Reading. A lot. Qualitative research, education research... I thought I knew how to think about teaching and learning, but I'm really an engineer who can talk to education researcher rather than an education person myself, and the training of thought into these new paradigms is blind, painful, wonderful. (Caryn Park did a great job of ripping apart my first qualitative research designs on Saturday. Ouch.) Right now I'm just going for massive input, trying to read every single JEE (Journal of Engineering Education) paper posted online before FIE, which is in two weeks. This isn't as bad as it sounds; they've only put the past 19 years online so we're talking fewer than 1000 papers.
I'm struggling through reading dissertations (ouch), books (better), and have been finding myself looking at technical books and papers I once considered difficult and marveling at how easy they are; my tech and math skills have atrophied compared to my teenage self, but at least I'm used to thinking in those patterns. Reading education stuff, philosophy, ethnography... it's like a foreign language. I don't know English any more. I need to take breaks every several pages and do situps on my living room floor to blow off the I don't know what's going on!!! frustration-steam. I love it. In addition to reading for four classes I'm taking and one I occasionally audit, I have two book groups and am now going to try
keeping up with the readings from Olin's pedagogy class as well.
A humbling revelation: the undergrads in Olin's pedagogy class have to read more education papers for one class in one week than I need to read for all my classes for one week, and I'm getting my degree in this.
More than ever, I am coming to understand the pressures and the environments that make it so difficult for academics to spend time with open source, and I'm crumbling to the same pressures myself; I'm no longer on IRC, I do more private backchannel, I don't have or create time to step into the FOSS universe because the academic universe is so... all-encompassing. Disturbing; I didn't think it'd happen to me so fast, so quietly. The good thing is that I'm starting to realize this a month into grad school, so there's time and space to figure out what's happening and take steps to restructure the way I'm doing things if I do want to change that.
My declared research concentration at Purdue is "open source and education," and that's how my classmates know me. I go back and forth between my work on that being the (awkward) beginnings of a solid contribution to a revolution... and a bunch of bullshit buzzwords with no substance and no hope for making a difference. I know intellectually that if it were easy to bridge the two worlds it would already be done, but...
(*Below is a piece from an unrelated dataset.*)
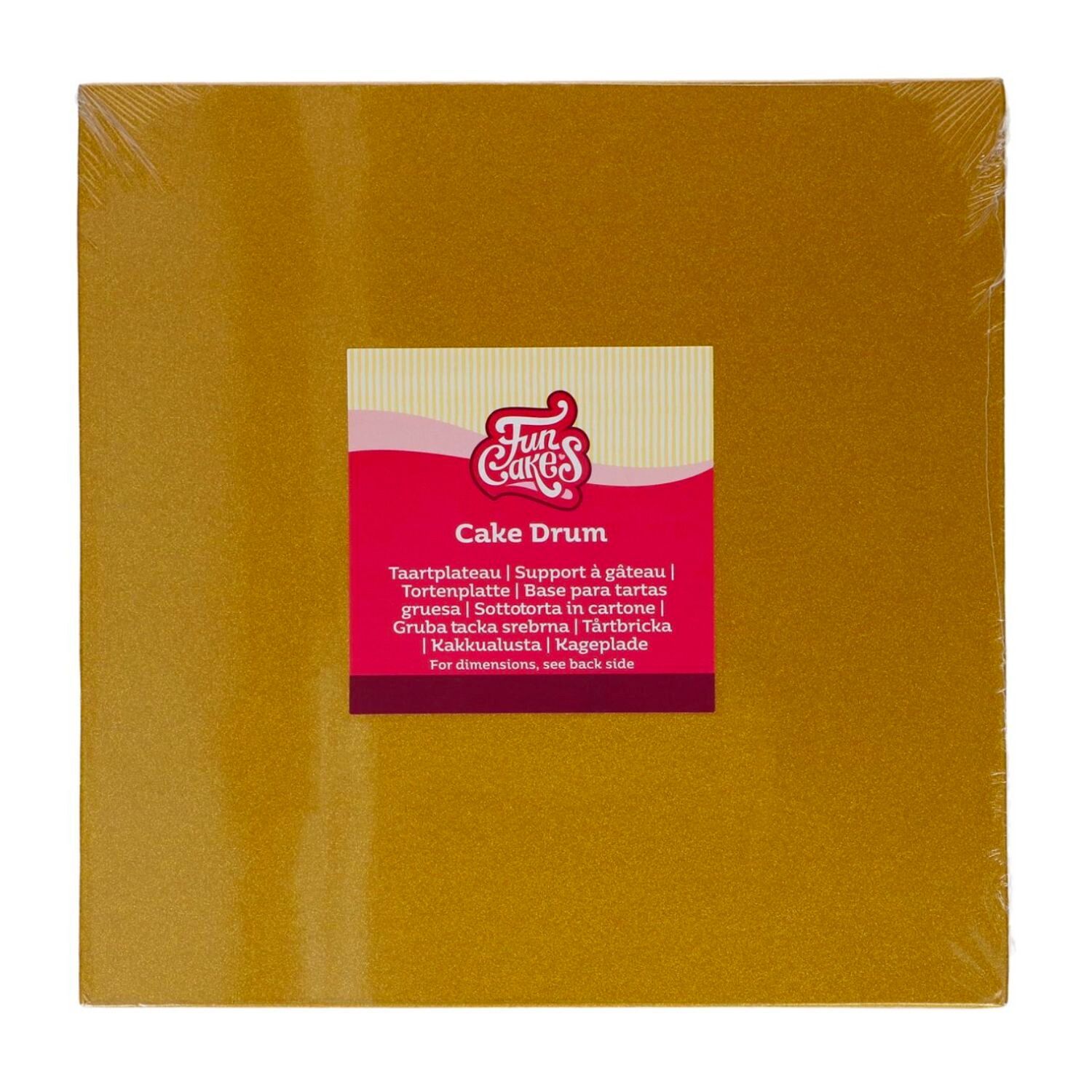 CAKE DRUM CUADRADO DORADO BRILLANTE FUNCAKES - 30 CM

The early bridges are shaky and difficult to spot. My Red Hat team has spent years talking about "the open source way" without solidly nailing down what it is, and this bothers me to no end. I'm trying to solidify that, crawling painfully through papers and dissertations trying to understand research methodologies, throwing my own definition (radically pervasive, collaboratively constructed, realtime transparency) against as many walls as possible to find out where it's wrong, and sometime I feel like I'm getting somewhere, but mostly I feel like nobody else is really going to give a shit, because this sort of research and solidification takes too long, falls outside the scope of timelines that FOSS communities and corporations care about; it is the movement of tetonic plates under the deep, deep sea, and sometimes I feel like I'm the only one trying to learn to think this way about this topic, and that I must justify myself to many different worlds and fall short in all of them. I really could use some arrogance and certainty right now, but I did ask to be placed in the position of greatest learning at all times, so... here I am.
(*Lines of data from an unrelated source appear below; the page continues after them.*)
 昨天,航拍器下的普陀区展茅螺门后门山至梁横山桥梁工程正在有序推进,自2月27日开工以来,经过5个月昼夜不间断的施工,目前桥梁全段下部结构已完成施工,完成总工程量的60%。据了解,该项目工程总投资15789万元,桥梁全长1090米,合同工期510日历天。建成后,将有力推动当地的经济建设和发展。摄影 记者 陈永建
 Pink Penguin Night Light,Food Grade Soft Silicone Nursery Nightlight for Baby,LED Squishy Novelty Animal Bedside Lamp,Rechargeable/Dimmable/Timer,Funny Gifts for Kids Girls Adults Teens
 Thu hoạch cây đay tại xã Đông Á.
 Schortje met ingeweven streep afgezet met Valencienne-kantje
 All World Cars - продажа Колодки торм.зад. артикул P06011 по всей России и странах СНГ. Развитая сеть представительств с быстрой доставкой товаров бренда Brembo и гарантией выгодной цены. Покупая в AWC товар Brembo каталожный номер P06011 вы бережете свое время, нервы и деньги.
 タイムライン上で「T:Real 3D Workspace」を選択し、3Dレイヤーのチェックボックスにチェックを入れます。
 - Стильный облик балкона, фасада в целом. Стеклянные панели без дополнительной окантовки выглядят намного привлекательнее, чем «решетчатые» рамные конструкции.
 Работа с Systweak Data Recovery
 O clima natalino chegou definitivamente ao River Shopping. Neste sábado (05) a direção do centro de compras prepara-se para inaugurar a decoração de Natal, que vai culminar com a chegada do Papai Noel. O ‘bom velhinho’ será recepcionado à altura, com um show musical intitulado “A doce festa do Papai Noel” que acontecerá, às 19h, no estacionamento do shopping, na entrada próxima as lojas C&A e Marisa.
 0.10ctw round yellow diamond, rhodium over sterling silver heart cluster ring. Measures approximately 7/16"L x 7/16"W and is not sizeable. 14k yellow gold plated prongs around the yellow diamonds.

Existential crisises: what's the value of TOS, the value of POSSE, would it make a difference if they vanished, can they make a difference 20-25 years from now if we keep plugging, is it worth it? I'm trained for sprints and quick wins; I can't see the longer timescale yet, I can't sense it intuitively the way I can quickly grok how to build momentum on the vast majority of FOSS projects after a little bit of poking, and I wonder if I'll ever grow into it.
The pieces haven't come together yet, but that's okay.
My writing is scattered and long right now, and so am I.